At the moment in the UK we have too much credit and not enough lending. At the same time interest rates have been cut and money market meddling undertaken in order to restart the lending process. The interest rate changes have had little impact - pushing on a string - as some commentators say. The reason for this failure of policy is that, thanks to the CDS market, the price of credit and the overall cost of borrowing have become detached.
So Mervyn King should step in and sell credit protection (CDS) in all the UK financial names.

This has many benefits and few drawbacks.
a) Selling reduces the price and so the cost of credit as measured by the CDS spread would decline. The lower CDS value would lower the cost of cash borrowings for these institutions.

b) It is so cheap - in fact selling means that HMG receives regular premiums from the buyer of the CDS protection. These are only a small percentage of the underlying notional debt but could be used to buy back cash debt in the underlying institutions or to buy their shares or for the money to be applied to whatever financial support measure the government has in mind. This would help close the gap between the cash and credit markets.

c) Unlike quantitative easing a) the impact of the CDS sales activities can be readily seen from market prices and adjusted more rapidly than interventions in the money market and b) there is no long-term such as hyper-inflation; once the CDS term is reached, the liability expires and the notional credit disappears.

d) By upsetting the players in the CDS market, the government might be able to bring to an end the derivatives monster.
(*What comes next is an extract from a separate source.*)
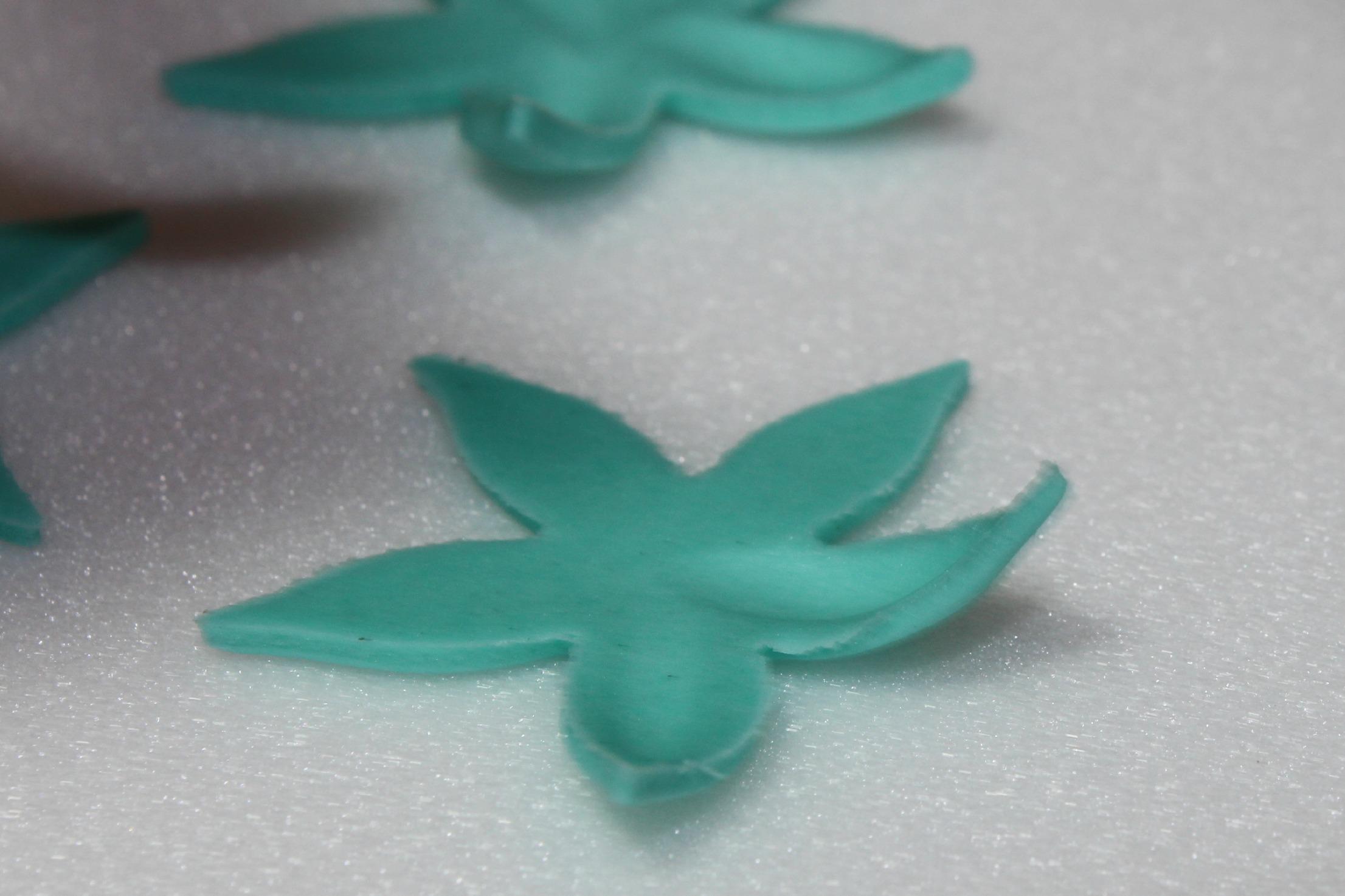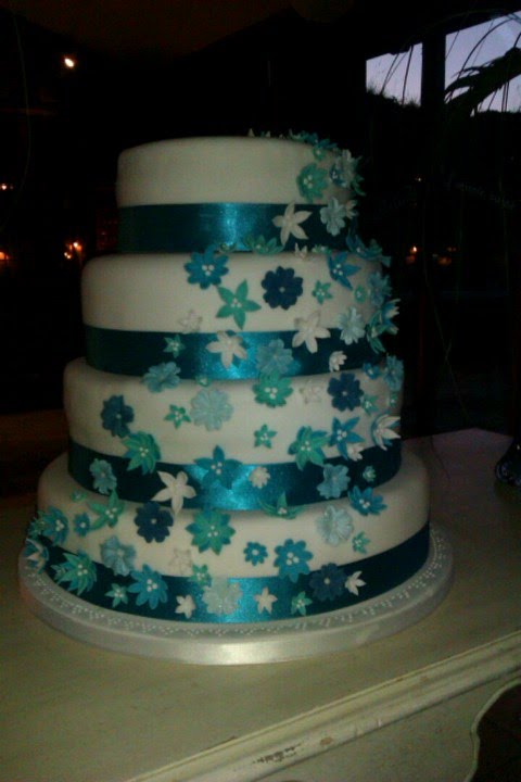 A few months ago my friend’s sister saw a cake online that she wanted for her wedding, her mum and sister-in-law were baking the cake, but she couldn’t make the flowers as she didn’t have the cutters. I can’t share the picture as it’s copyrighted, but it had five point calyx and daisy flowers, arranged up the side of four tiers of white fondant covered cakes, with a teal ribbon around the base of each.

This is where all the credit is lurking and hence we have the paradox of seemingly too much credit in the system but not enough in the real world. Initially, the CDS sales are creating more credit but once the market has decided that it can't win against a sovereign that is backing the underlying credit, the CDS market would shrink. At this stage, the regulators can then step in to control banks' further exposures to derivatives by, for example, changes to the capital adequacy ratings for such instruments.

e) As CDS market players have found, you get a lot off bang for your buck. So don't waste money in cash bondmarkets, invest in derivatives where you can have some impact.

f) As CDS is essentially a form of insurance, HMG could reassess the level of guarantees it has set for the UK bank indebtedness. Maintaining a blend of CDS and guarantees would help bring equilibrium between the cost of credit, the credit risk of banks and the credit risk of the sovereign.

While the government has many consultants, I note that Mr Brown's key adviser is probably Baroness Vadera. Methinks her knowledge of day to day trading in CDS and cash bondmarkets might be limited, given that she left Warburg's in April 1999 - when CDS was the plural of compact disc and the Euro was only 3 months old!

But there again, is Dr Bernanke up to date? How much notional credit was wafting round the credit default swap markets in the 1930's? Is his study of the Great Depression that relevant or do we need the blend of barrow boys and quant jocks that got us into the mess to tap away on their laptops (another consumer staple of the 1930s) and find a way out?